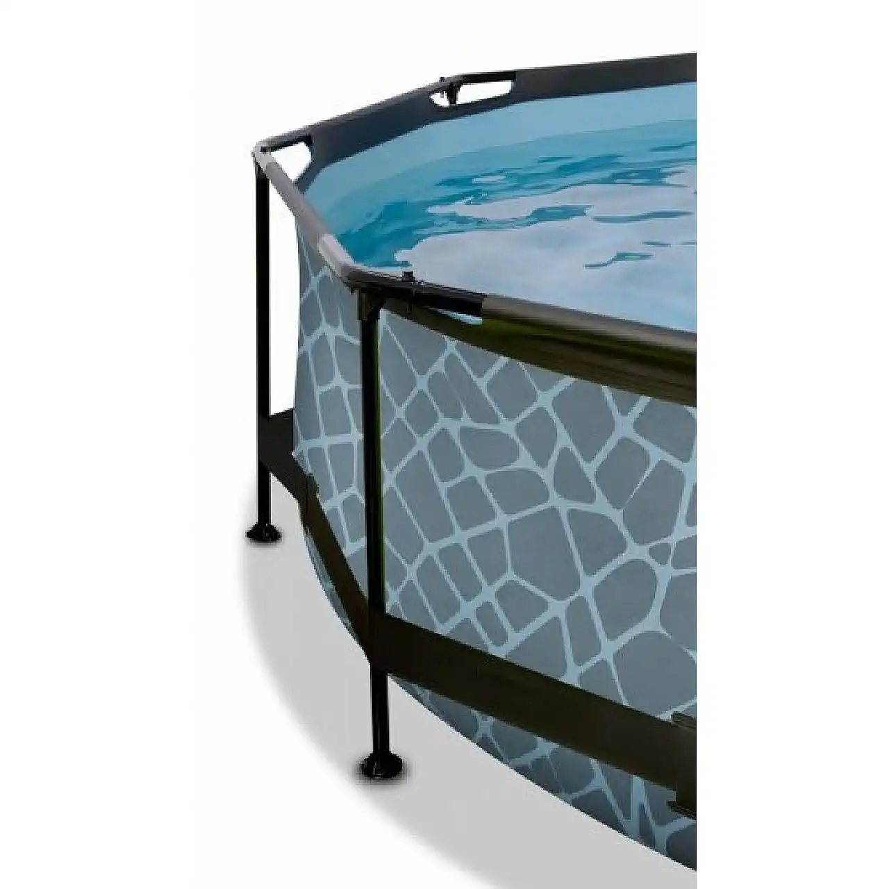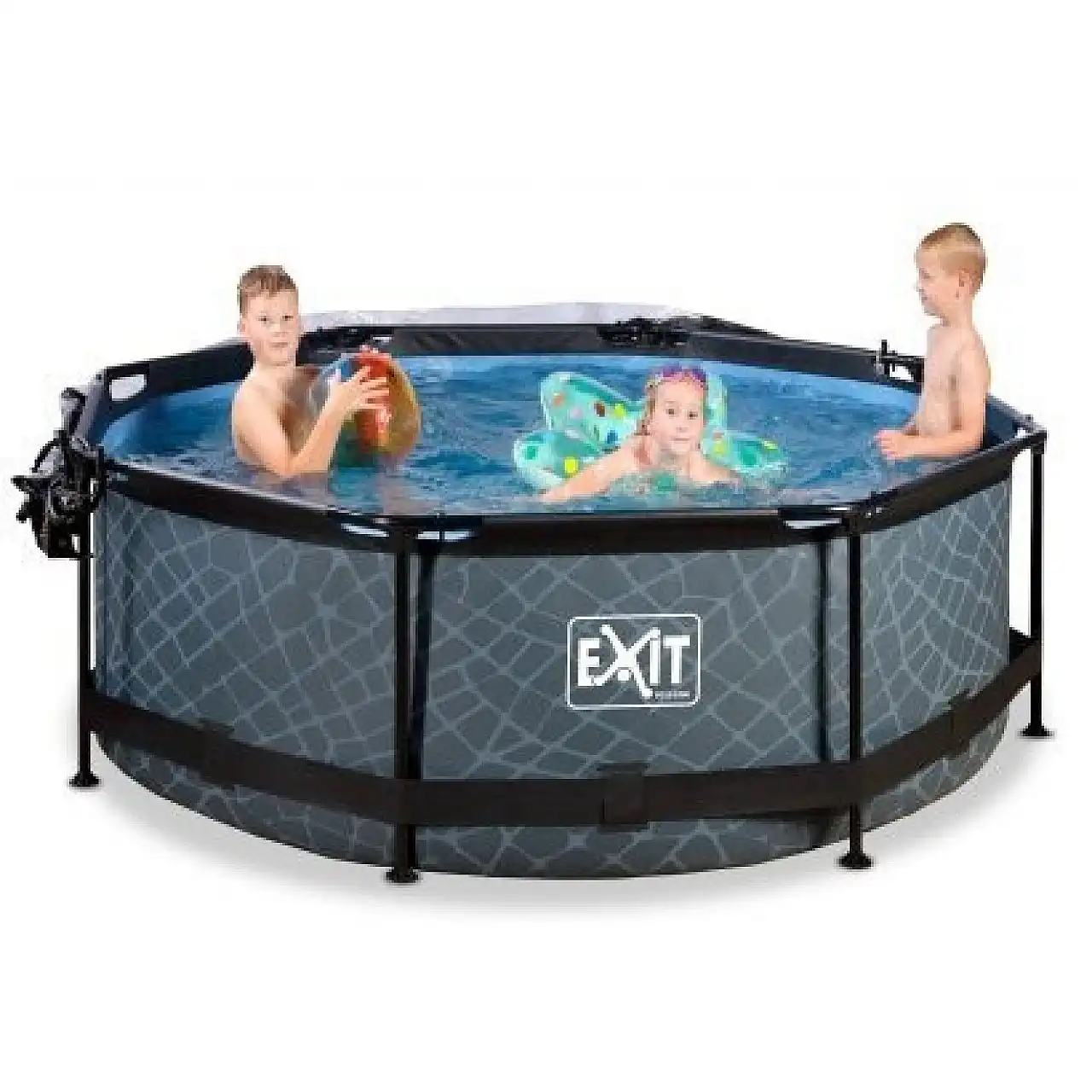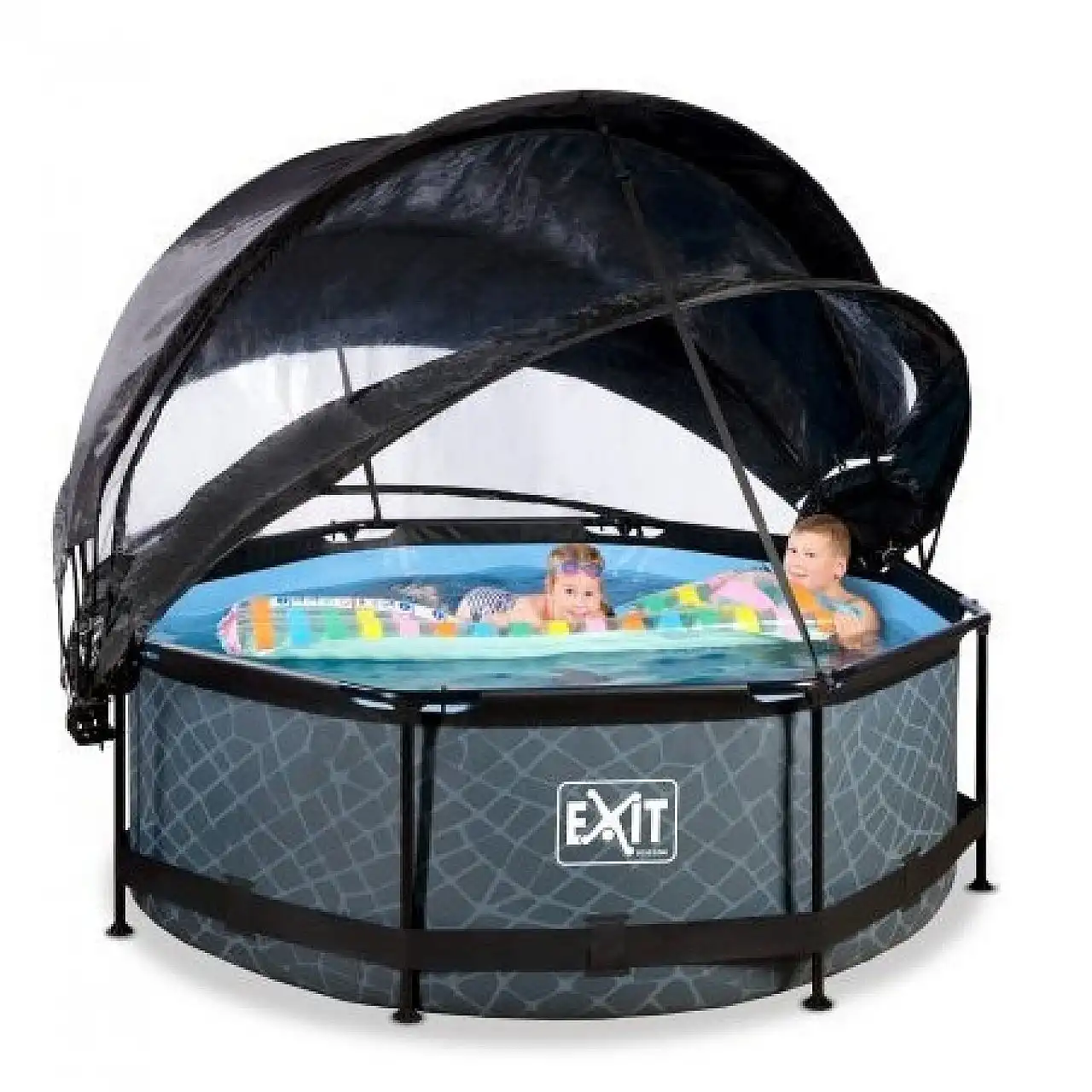 Басейн з куполом EXIT і тентом камінь 244 х 76 см компактний каркасний басейн круглої форми, який виглядає лаконічно і елегантно. Із зовнішнього боку - тканина із забарвленням у вигляді кам'яної стіни, що зробить його розміщення в саду, на дачі або у дворі будинку особливо красивим.
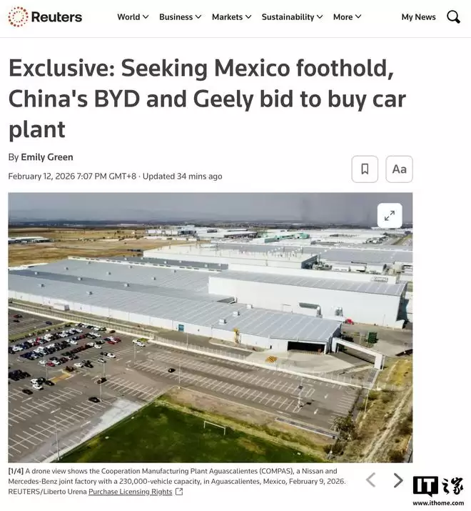 2月12日,IT之家报道称,据路透社最新消息,比亚迪与吉利已入围日产-奔驰墨西哥工厂收购案的最终竞标名单。知情人士透露,在美国关税政策导致墨西哥汽车工厂关闭与裁员加剧的背景下,中国企业正积极寻求在墨西哥建立新的制造基地。
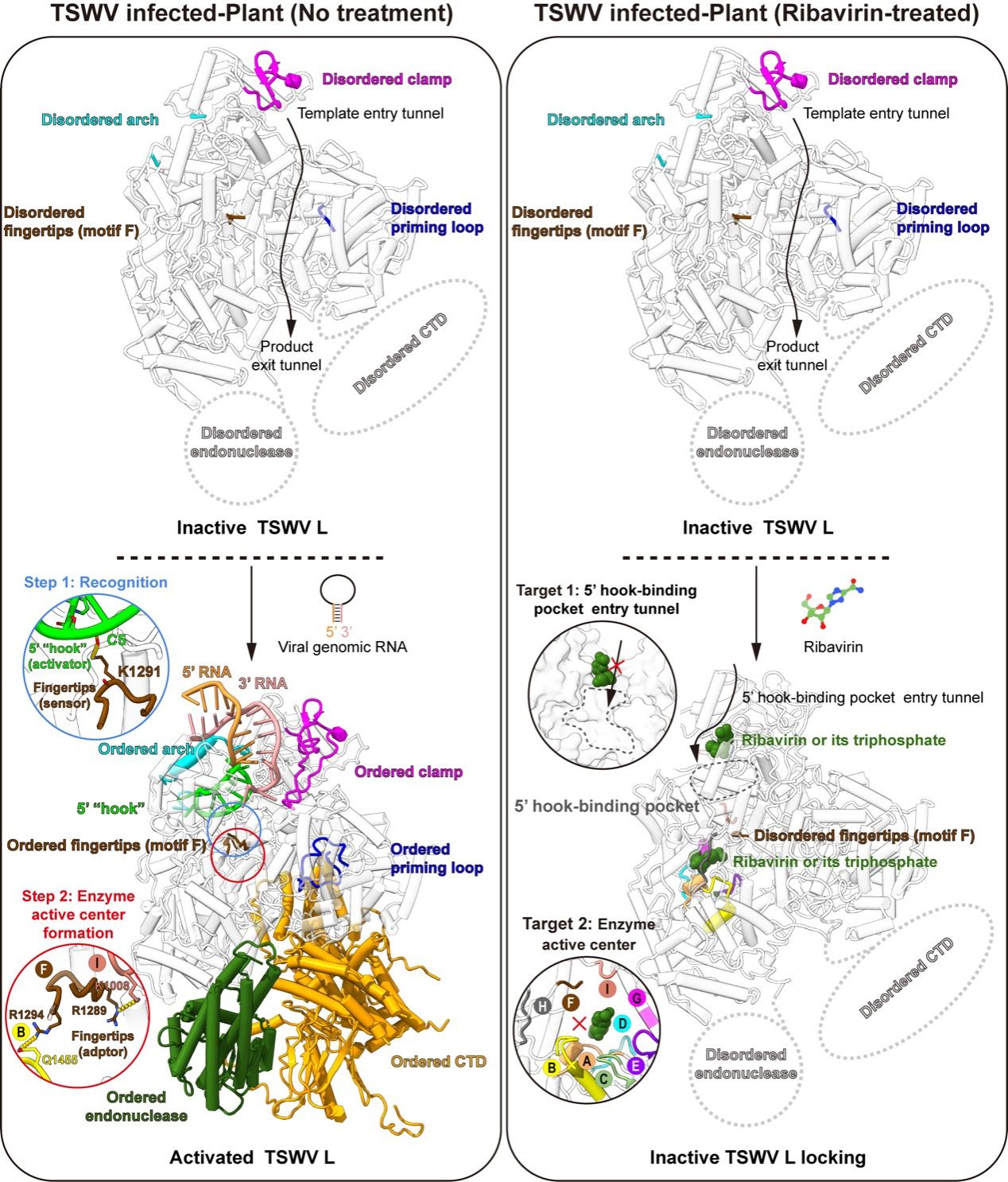 研究发现TSWV RNA复制酶催化中心保守基序F的柔性环在未结合病毒基因组RNA时处于高度无序状态,当加入病毒基因组RNA保守序列后,保守基序F可发挥“传感器”作用感知病毒基因组RNA末端的保守順式作用元件,并稳定柔性环;结构稳定后的保守基序F与保守基序I等发生相互作用,进一步作为“适配器”促进完整催化中心的形成,使复制酶处于激活状态。“我们破解了病毒自我激活的分子开关。”共同第一作者曹磊副研究员指出,病毒基因组5’末端10个碱基长度的RNA序列形成的“钩”状结构是触发复制酶激活的关键。研究还发现核苷类药物利巴韦林及其代谢物利巴韦林三磷酸盐能通过双靶点抑制机制阻断这一过程,完全抑制TSWV在植物中的复制侵染;结构与生化数据表明利巴韦林及其三磷酸盐均能特异性靶向TSWV RNA复制酶上RNA“钩”状结构结合空腔的进入通道和酶活催化中心。
□ □ □ □ □
> Work request: Every line from the one with "2月12日,IT之家报道称,据路透社最新" through the last line of the listing above must be written out exactly, and no picture may appear.

> Result below:
 2月12日,IT之家报道称,据路透社最新消息,比亚迪与吉利已入围日产-奔驰墨西哥工厂收购案的最终竞标名单。知情人士透露,在美国关税政策导致墨西哥汽车工厂关闭与裁员加剧的背景下,中国企业正积极寻求在墨西哥建立新的制造基地。
 研究发现TSWV RNA复制酶催化中心保守基序F的柔性环在未结合病毒基因组RNA时处于高度无序状态,当加入病毒基因组RNA保守序列后,保守基序F可发挥“传感器”作用感知病毒基因组RNA末端的保守順式作用元件,并稳定柔性环;结构稳定后的保守基序F与保守基序I等发生相互作用,进一步作为“适配器”促进完整催化中心的形成,使复制酶处于激活状态。“我们破解了病毒自我激活的分子开关。”共同第一作者曹磊副研究员指出,病毒基因组5’末端10个碱基长度的RNA序列形成的“钩”状结构是触发复制酶激活的关键。研究还发现核苷类药物利巴韦林及其代谢物利巴韦林三磷酸盐能通过双靶点抑制机制阻断这一过程,完全抑制TSWV在植物中的复制侵染;结构与生化数据表明利巴韦林及其三磷酸盐均能特异性靶向TSWV RNA复制酶上RNA“钩”状结构结合空腔的进入通道和酶活催化中心。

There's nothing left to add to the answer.